Background: Optimizing postdischarge medication adherence is a target for avoiding adverse events. Nevertheless, few studies have focused on predictors of postdischarge medication adherence.
Methods: The Pharmacist Intervention for Low Literacy in Cardiovascular Disease (PILL-CVD) study used counseling and follow-up to improve postdischarge medication safety. In this secondary data analysis, we analyzed predictors of self-reported medication adherence after discharge. Based on an interview at 30-days postdischarge, an adherence score was calculated as the mean adherence in the previous week of all regularly scheduled medications. Multivariable linear regression was used to determine the independent predictors of postdischarge adherence.
Results: The mean age of the 646 included patients was 61.2 years, and they were prescribed an average of 8 daily medications. The mean postdischarge adherence score was 95% (standard deviation [SD] = 10.2%). For every 10-year increase in age, there was a 1% absolute increase in postdischarge adherence (95% confidence interval [CI] 0.4% to 2.0%). Compared to patients with private insurance, patients with Medicaid were 4.5% less adherent (95% CI -7.6% to -1.4%).
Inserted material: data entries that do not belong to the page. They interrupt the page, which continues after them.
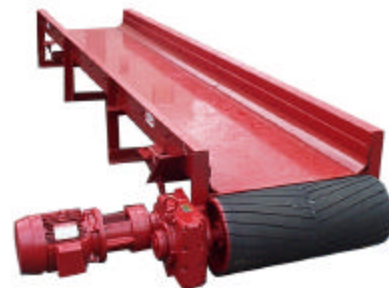
SLAB BELT CONVEYOR

CONTROL PANELS AUTOMATION & MOTOR CONTROLS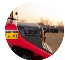
6. External hitch control buttons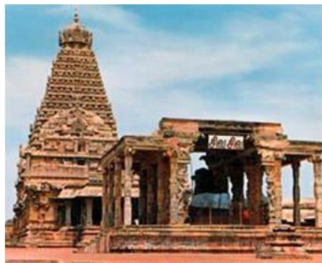
A famous temple built by the Cholas in Gangaikondacholapuram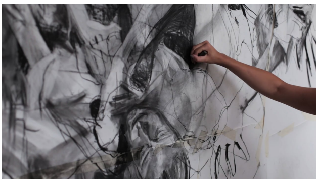
FINDING ARTEMISIA - Un-Heroic Traditions, 2020 14:09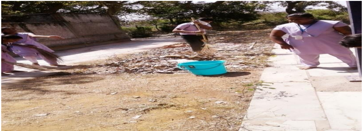
Dengue Awareness Programme (9.8.2016)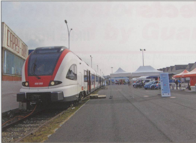
'FLIRT France unit open for the public view at Genève La Praille during a CEVA open day 26.9.2015. It has in addition to the standard 'Swiss FLIRT', support for the French 25 kV power and security systems: platform cameras, : French standard longer nose to absorb impact in case of a crash, and three types of power sockets for the passengers.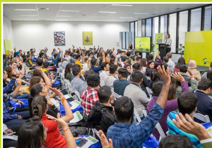
Melbourne campus orientation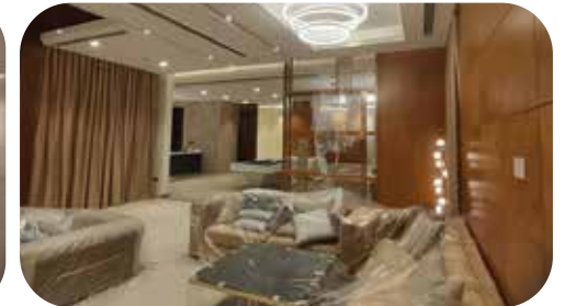
Construction of Private luxurious facilities

For every 1-point increase in baseline medication adherence score, as measured by the 4-item Morisky score, there was a 1.6% absolute increase in postdischarge medication adherence (95% CI 0.8% to 2.4%). Surprisingly, health literacy was not an independent predictor of postdischarge adherence.
Conclusions: In patients hospitalized for cardiovascular disease, predictors of lower medication adherence postdischarge included younger age, Medicaid insurance, and baseline nonadherence. These factors can help predict patients who may benefit from further interventions.